I'll do the simpler version.
First re-write the chemical equation to avoid confusing myself:
H_3PO_4 + Mg(OH)_2 = Mg_3(PO_4)_2 + H-OH
Notice that I had shown the line structure between the H^+ and OH^- ions. Now, let's tally based on the subscripts.
left side:
H^+ = 3
PO_4^"3-" = 1
Mg^"2+" = 1
OH^- = 2
right side:
H^+ = 1
PO_4^"3-" = 2
Mg^"2+" = 3
OH^- = 1
Let's start balancing the largest ion, PO_4^"3-".
color (red) 2 H_3PO_4 + Mg(OH)_2 = Mg_3(PO_4)_2 + H-OH
left side:
H^+ = 3 x color (red) 2 = 6
PO_4^"3-" = 1 x color (red) 2 = 2
Mg^"2+" = 1
OH^- = 2
right side:
H^+ = 1
PO_4^"3-" = 2
Mg^"2+" = 3
OH^- = 1
Do not forget that since H_3PO_4 is a substance, you need to also multiply the coefficient with the number of H atoms.
Next,
2 H_3PO_4 + color (green) 3Mg(OH)_2 = Mg_3(PO_4)_2 + H-OH
left side:
H^+ = 3 x 2 = 6
PO_4^"3-" = 1 x 2 = 2
Mg^"2+" = 1 x color (green) 3 = 3
OH^- = 2 x color (green) 3 = 6
right side:
H^+ = 1
PO_4^"3-" = 2
Mg^"2+" = 3
OH^- = 1
Again, since Mg(OH)_2 is a substance, whatever coefficient you apply to Mg^"2+" ion will also be applied to OH^- ion.
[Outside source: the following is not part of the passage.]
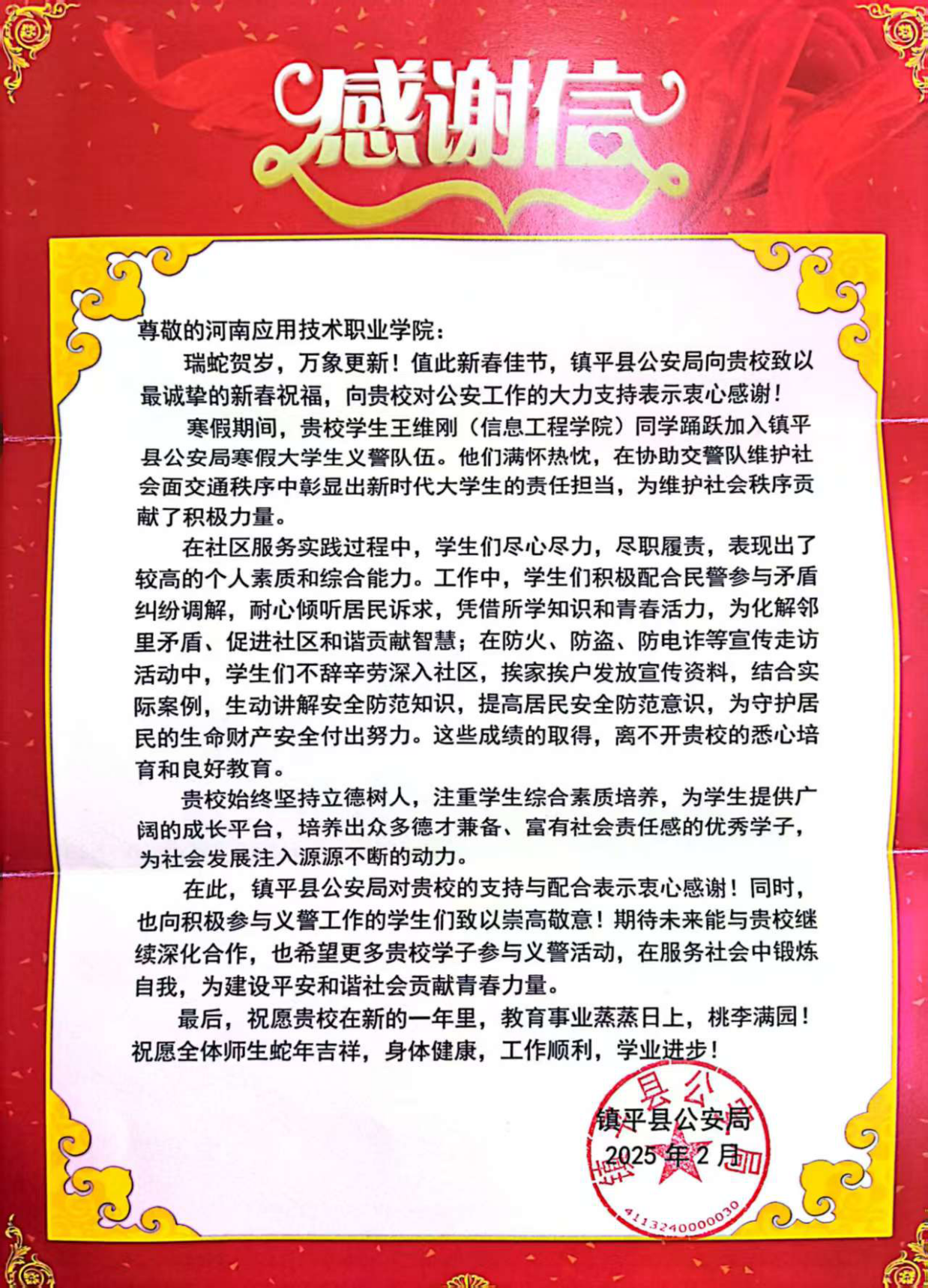 2月21日,beat365平台官方网站收到来自河南省南阳市镇平县公安局的感谢信,信中表达了对beat365官网学生王维刚寒假期间加入镇平县公安局寒假大学生义务警队,协助指挥交通、维护交通秩序的赞扬,也对学校育人成果表示感谢。

2 H_3PO_4 + 3Mg(OH)_2 = Mg_3(PO_4)_2 + color (blue) 6H-OH
left side:
H^+ = 3 x 2 = 6
PO_4^"3-" = 1 x 2 = 2
Mg^"2+" = 1 x 3 = 3
OH^- = 2 x 3 = 6
right side:
H^+ = 1 x color (blue) 6 = 6
PO_4^"3-" = 2
Mg^"2+" = 3
OH^- = 1 x color (blue) 6 = 6
Reverting back to the original equation,
2 H_3PO_4 + 3Mg(OH)_2 = Mg_3(PO_4)_2 + 6H_2O
The equation is now balanced.
Please take note this method is only applicable for IONIC bonding of polyatomic ions.